Lee Wiley

Sensual and dignified, sophisticated and warm, Lee Wiley has inspired outbursts of sheer poetry from many a captivated listener. Her sound induces a “marvelous,” “ticklish” sensation, akin to “running your hand over a piece of fine Harris tweed,” marveled producer Dave Garroway. She “blows smoke rings, each note a puff that melts into wisps of vibrato,” conceptualized author Will Friedwald. Her voice and style “have long since made me extremely eager to go to bed with her,” disclosed critic James Frazier. Not content with this daring confession, he also bluntly labeled her “one bitch of a singer.”

Protested singer and Wiley scholar Barbara Lea: “She had more fire, more rhythm, more roughness, more silkiness, more deep personal warmth, than the job description of Pop Singer called for.” Asked writer Richard Hadlock, in an open letter to Wiley, “Lee, have you ever wondered why so many… from road-tough musicians to jaded pub-crawlers, act like kids on Christmas when they hear you sing?” (Wiley did wonder.) The eulogies could go on for pages, but the point is clear enough: Lee Wiley is a singer with a certain mystique.

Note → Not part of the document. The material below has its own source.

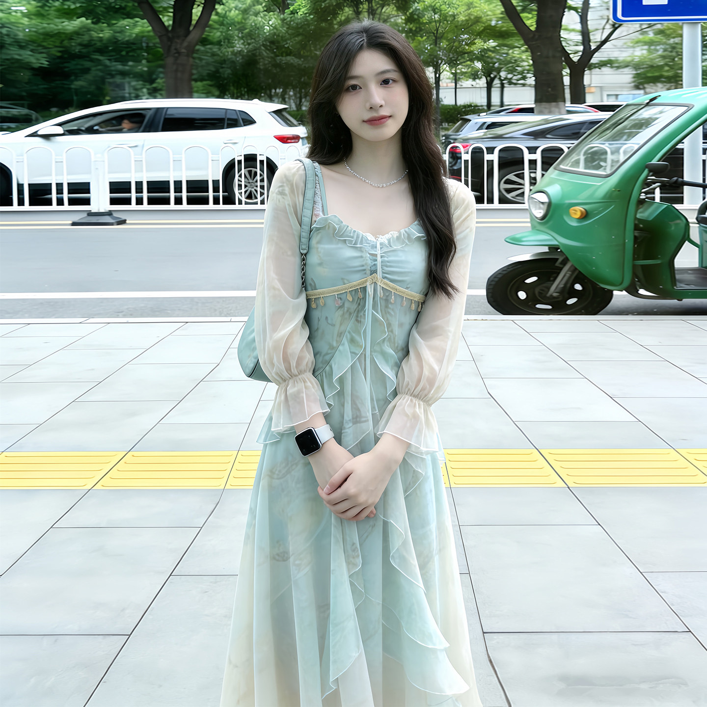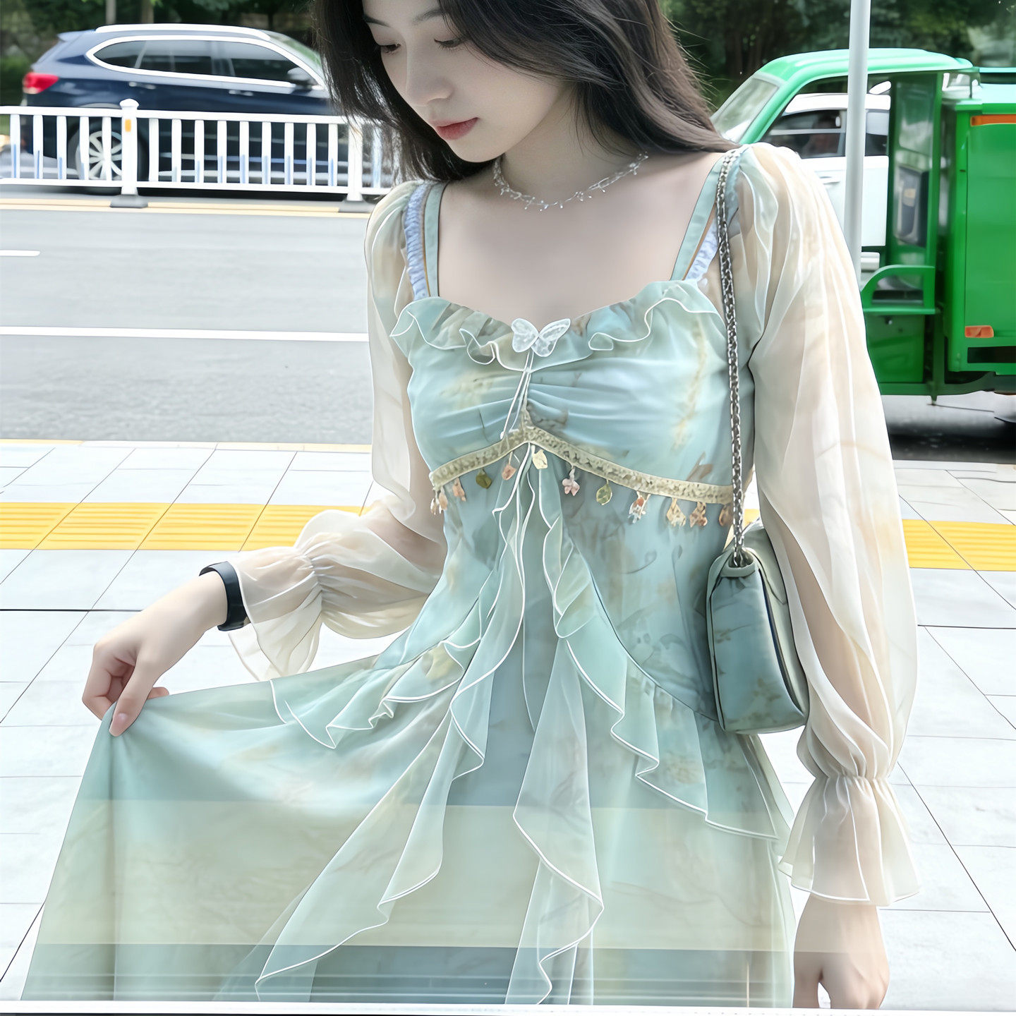 【流岚织梦】法式小众荷叶边雪纺连衣裙女长袖2026春夏季新款长裙

The Wiley mystique was generated by both personal and professional circumstances, and further fed by some willful biographical manipulation by her musical associates, her record labels, and the artist herself. Nicknamed “Pocahontas” and characterized as regal by her friends, Wiley descended from the princess of a Cherokee tribe and from an English missionary who married an American parishioner... according to publicity material. Her birth date remains uncertain - initially given as 1915, then moved back to 1910, still more recently to 1908 - and revisionism has taken over the more sensational aspects of her biography (running away from home in the late 1920s, temporary blindness after a fall from a horse in the early 1930s, a near encounter with tuberculosis in the mid-1930s, etc,).